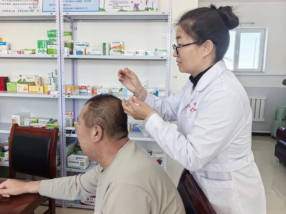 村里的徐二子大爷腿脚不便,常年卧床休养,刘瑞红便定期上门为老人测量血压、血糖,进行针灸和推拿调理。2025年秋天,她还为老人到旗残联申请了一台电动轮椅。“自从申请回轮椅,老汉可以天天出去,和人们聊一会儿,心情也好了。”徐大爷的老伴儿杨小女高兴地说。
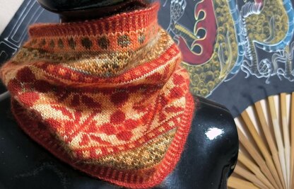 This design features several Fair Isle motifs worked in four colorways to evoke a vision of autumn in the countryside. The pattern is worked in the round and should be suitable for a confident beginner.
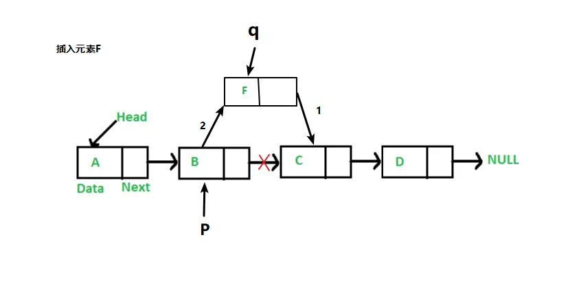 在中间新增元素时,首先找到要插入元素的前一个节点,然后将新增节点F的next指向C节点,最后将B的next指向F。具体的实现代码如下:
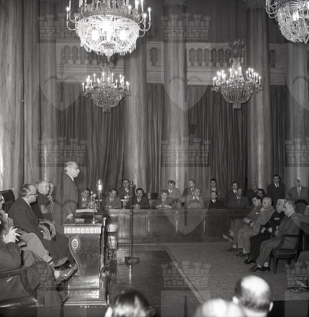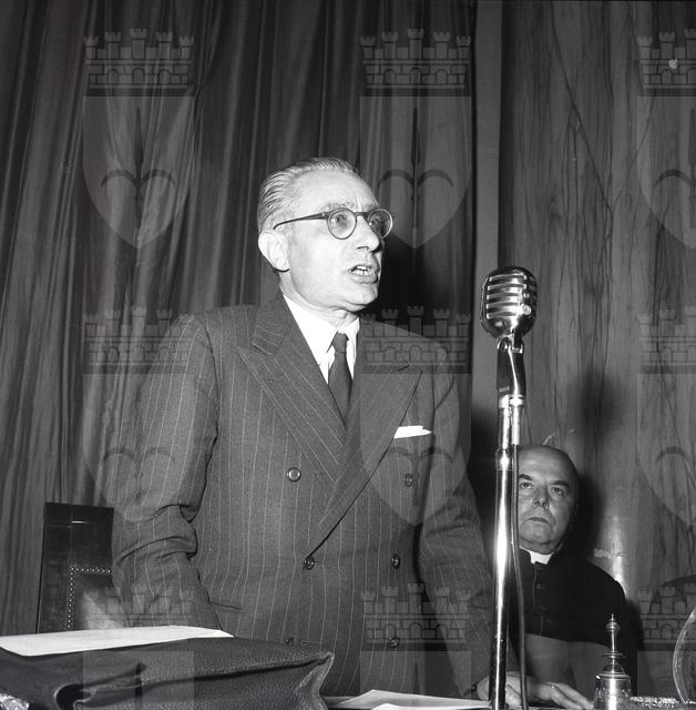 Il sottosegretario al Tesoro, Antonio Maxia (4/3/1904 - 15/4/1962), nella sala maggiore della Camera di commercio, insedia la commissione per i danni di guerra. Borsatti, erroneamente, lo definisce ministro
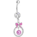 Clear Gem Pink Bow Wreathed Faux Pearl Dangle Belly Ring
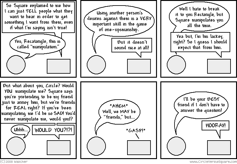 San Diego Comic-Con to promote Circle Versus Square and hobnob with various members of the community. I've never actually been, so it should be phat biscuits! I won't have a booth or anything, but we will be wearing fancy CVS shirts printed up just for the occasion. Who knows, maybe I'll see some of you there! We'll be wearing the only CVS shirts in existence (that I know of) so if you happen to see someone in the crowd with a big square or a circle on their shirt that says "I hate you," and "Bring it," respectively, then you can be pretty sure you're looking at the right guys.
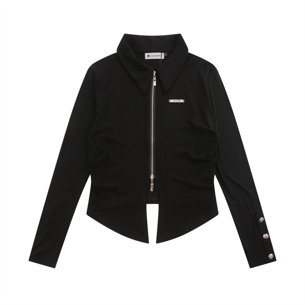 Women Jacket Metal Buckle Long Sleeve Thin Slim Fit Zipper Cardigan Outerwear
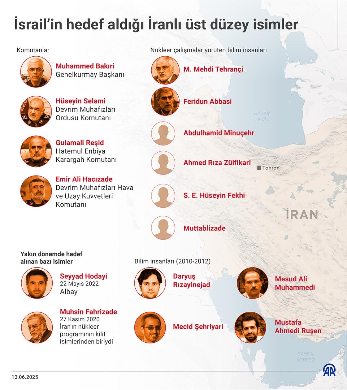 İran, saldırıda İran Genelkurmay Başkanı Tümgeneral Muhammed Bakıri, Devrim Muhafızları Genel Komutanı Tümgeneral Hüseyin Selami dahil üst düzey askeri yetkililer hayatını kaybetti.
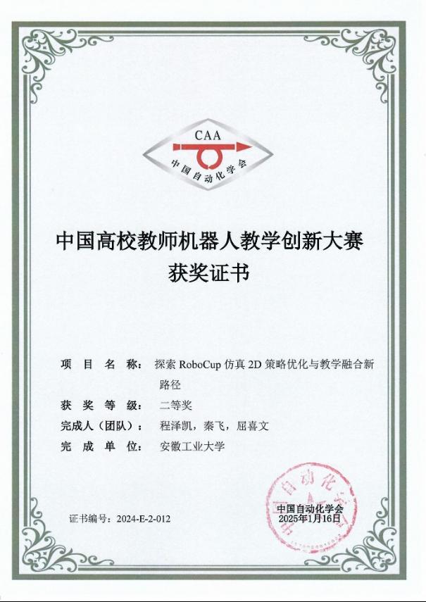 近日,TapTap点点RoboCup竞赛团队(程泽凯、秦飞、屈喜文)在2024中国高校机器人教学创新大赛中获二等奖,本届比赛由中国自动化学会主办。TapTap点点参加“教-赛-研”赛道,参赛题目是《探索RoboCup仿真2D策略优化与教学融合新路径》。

---+---

• [Prompt] Your output should consist solely of the lines from the line containing "İran, saldırıda İran" through the last line of the entries, verbatim, minus any pictures.

• [Result]
 İran, saldırıda İran Genelkurmay Başkanı Tümgeneral Muhammed Bakıri, Devrim Muhafızları Genel Komutanı Tümgeneral Hüseyin Selami dahil üst düzey askeri yetkililer hayatını kaybetti.
 近日,TapTap点点RoboCup竞赛团队(程泽凯、秦飞、屈喜文)在2024中国高校机器人教学创新大赛中获二等奖,本届比赛由中国自动化学会主办。TapTap点点参加“教-赛-研”赛道,参赛题目是《探索RoboCup仿真2D策略优化与教学融合新路径》。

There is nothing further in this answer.